Unnamed: 0,property_id,square_feet,num_bedrooms,price_thousand_usd
0,1,1800.0,3.0,250
1,2,2200.0,4.0,320
2,3,1200.0,2.0,180
3,5,2500.0,4.0,390
4,6,,,410


## Outer Join (Full Join)
- Keeps everything
- Good for detecting mismatches
- Often used in data cleaning

In [6]:
merged_outer = pd.merge(left=properties, right=prices, on="property_id", how="outer")
merged_outer

Unnamed: 0,property_id,square_feet,num_bedrooms,price_thousand_usd
0,1,1800.0,3.0,250.0
1,2,2200.0,4.0,320.0
2,3,1200.0,2.0,180.0
3,4,3000.0,5.0,
4,5,2500.0,4.0,390.0
5,6,,,410.0


You can also set `indicator=True` when you do outer join.
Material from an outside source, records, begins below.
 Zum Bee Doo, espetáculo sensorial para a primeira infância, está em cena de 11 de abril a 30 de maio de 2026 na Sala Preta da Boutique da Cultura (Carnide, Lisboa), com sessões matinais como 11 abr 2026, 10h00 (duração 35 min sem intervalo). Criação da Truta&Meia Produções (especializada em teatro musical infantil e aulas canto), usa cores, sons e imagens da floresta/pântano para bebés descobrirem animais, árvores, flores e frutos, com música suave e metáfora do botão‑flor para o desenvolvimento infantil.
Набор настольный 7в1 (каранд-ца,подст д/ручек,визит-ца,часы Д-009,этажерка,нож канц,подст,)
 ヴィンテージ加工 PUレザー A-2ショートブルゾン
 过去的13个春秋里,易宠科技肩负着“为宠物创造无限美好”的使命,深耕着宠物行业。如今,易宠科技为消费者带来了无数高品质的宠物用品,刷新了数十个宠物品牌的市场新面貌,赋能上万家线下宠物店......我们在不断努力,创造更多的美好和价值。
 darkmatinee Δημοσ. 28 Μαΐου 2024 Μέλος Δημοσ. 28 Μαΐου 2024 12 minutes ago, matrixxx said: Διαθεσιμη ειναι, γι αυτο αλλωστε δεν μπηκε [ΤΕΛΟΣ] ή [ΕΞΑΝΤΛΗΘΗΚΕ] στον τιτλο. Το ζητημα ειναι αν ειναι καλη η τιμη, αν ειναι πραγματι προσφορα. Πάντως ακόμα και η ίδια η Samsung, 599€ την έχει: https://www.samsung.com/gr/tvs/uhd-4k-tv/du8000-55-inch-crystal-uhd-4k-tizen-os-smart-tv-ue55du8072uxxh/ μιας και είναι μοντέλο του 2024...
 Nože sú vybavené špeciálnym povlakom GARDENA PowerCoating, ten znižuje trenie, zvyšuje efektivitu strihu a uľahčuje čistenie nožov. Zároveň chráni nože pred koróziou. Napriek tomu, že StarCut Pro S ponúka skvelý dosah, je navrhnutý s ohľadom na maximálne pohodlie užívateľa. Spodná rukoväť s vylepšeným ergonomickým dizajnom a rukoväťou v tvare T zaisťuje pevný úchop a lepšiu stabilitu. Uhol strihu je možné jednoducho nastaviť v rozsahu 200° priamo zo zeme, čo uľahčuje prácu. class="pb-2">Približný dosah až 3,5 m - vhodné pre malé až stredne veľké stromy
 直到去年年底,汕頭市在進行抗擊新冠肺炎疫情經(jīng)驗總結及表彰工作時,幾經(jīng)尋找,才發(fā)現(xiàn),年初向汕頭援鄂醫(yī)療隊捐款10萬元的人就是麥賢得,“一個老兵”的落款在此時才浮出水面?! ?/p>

This way, the new dataframe will have a new column called `_merge`, which is a categorical variable that has three possible values: `both`, `left_only`, `right_only`.

In [7]:
merged_outer = pd.merge(left=properties, right=prices,
                        on="property_id", how="outer", indicator=True)
merged_outer

Unnamed: 0,property_id,square_feet,num_bedrooms,price_thousand_usd,_merge
0,1,1800.0,3.0,250.0,both
1,2,2200.0,4.0,320.0,both
2,3,1200.0,2.0,180.0,both
3,4,3000.0,5.0,,left_only
4,5,2500.0,4.0,390.0,both
5,6,,,410.0,right_only


## Merge on Different Column Names

- Column names do not need to match
- Use `left_on` and `right_on`

In [9]:
prices_renamed = pd.DataFrame({
    "id": [1, 2, 3, 5, 6],
    "price_thousand_usd": [250, 320, 180, 390, 410]
})

pd.merge(left=properties, right=prices_renamed,
         left_on="property_id", right_on="id", how="inner")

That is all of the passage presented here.